Hi friends,
I have downloaded DNA Microarray data from NCBI. Data contains both control samples and affected samples for all genes. I want to perform downstream analysis like clustering, classification. I know that some preprocessing steps like normalization, log2 transformation and differential expressed genes selection are necessary before performing clustering or classification.
But I am unsure about the exact order of such preprocessing steps although I know that normalization is performed before log2 transformation. Please let me know the following things:
1) Whether preprocessing steps normalization and then log2 transformation needs to be done before differential expressed genes selection and differential expressed genes selection needs to be done using modified normalized and log2-ed data?
2) In case of RNASeq data, I learned that differential expression analysis is done using un-normalized and un-logged count data as the statistical model is most powerful when applied to un-normalized counts. Then whether we can also select differentially expressed genes from microarray data without performing normalization and log2 transformation? Please note that I will use SAM or Limma for selecting differentially expressed genes from microarray data.
3) Are there any other preprocessing or quality control steps necessary before clustering?
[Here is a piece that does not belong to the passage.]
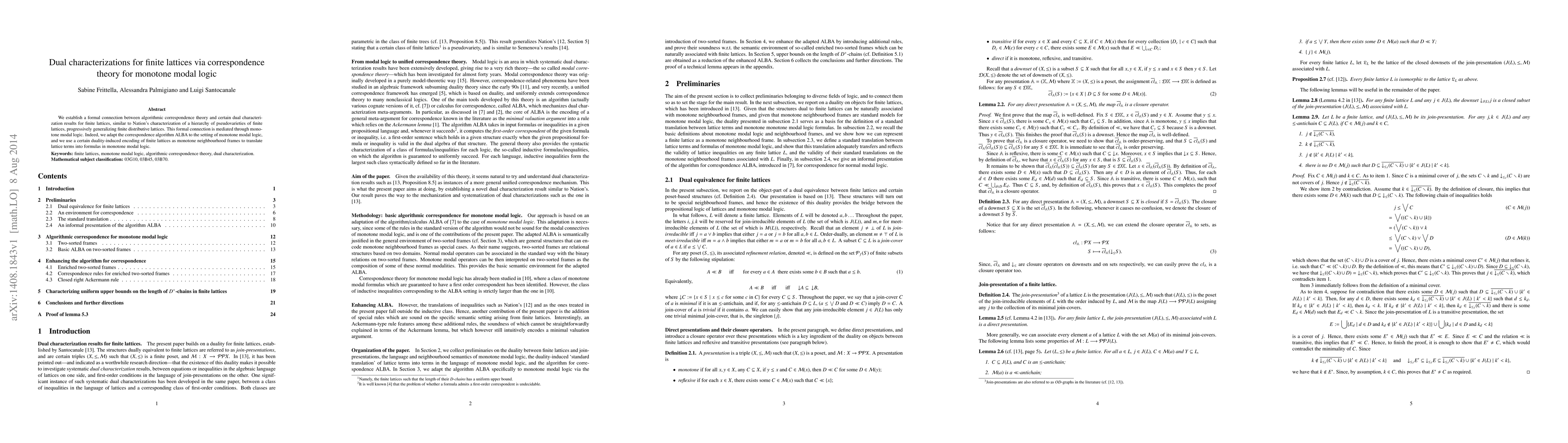 Summary: The paper establishes a link between algorithmic correspondence theory and dual characterizations of finite lattices using monotone modal logic, adapting the ALBA algorithm and translating lattice terms into logic formulas via a duality-induced encoding. This generalizes Nation's hierarchy of pseudovarieties for finite distributive lattices.

If so please mention their exact order.
Thanks in advance.
See this end-to-end workflow.
Thanks a lot. Now I have understood, there are a lot more preprocessing steps which I have to carry out before we can apply limma for differentially expressed genes. And limma can be applied with the final preprocessed data only. But can you please tell me why it is different from RNASeq? I mean why limma should be applied using final preprocessed data in case of microarray whereas in case of RNASeq, DESeq2 should be applied with raw count data without normalization and log2?
some packages like
gcrma
take care of normalization and log transformation. You can refer here- http://www.bioconductor.org/packages/release/bioc/html/gcrma.htmlThen you can use these value to perform DE analysis using
limma
Thanks a lot for your response and referred package.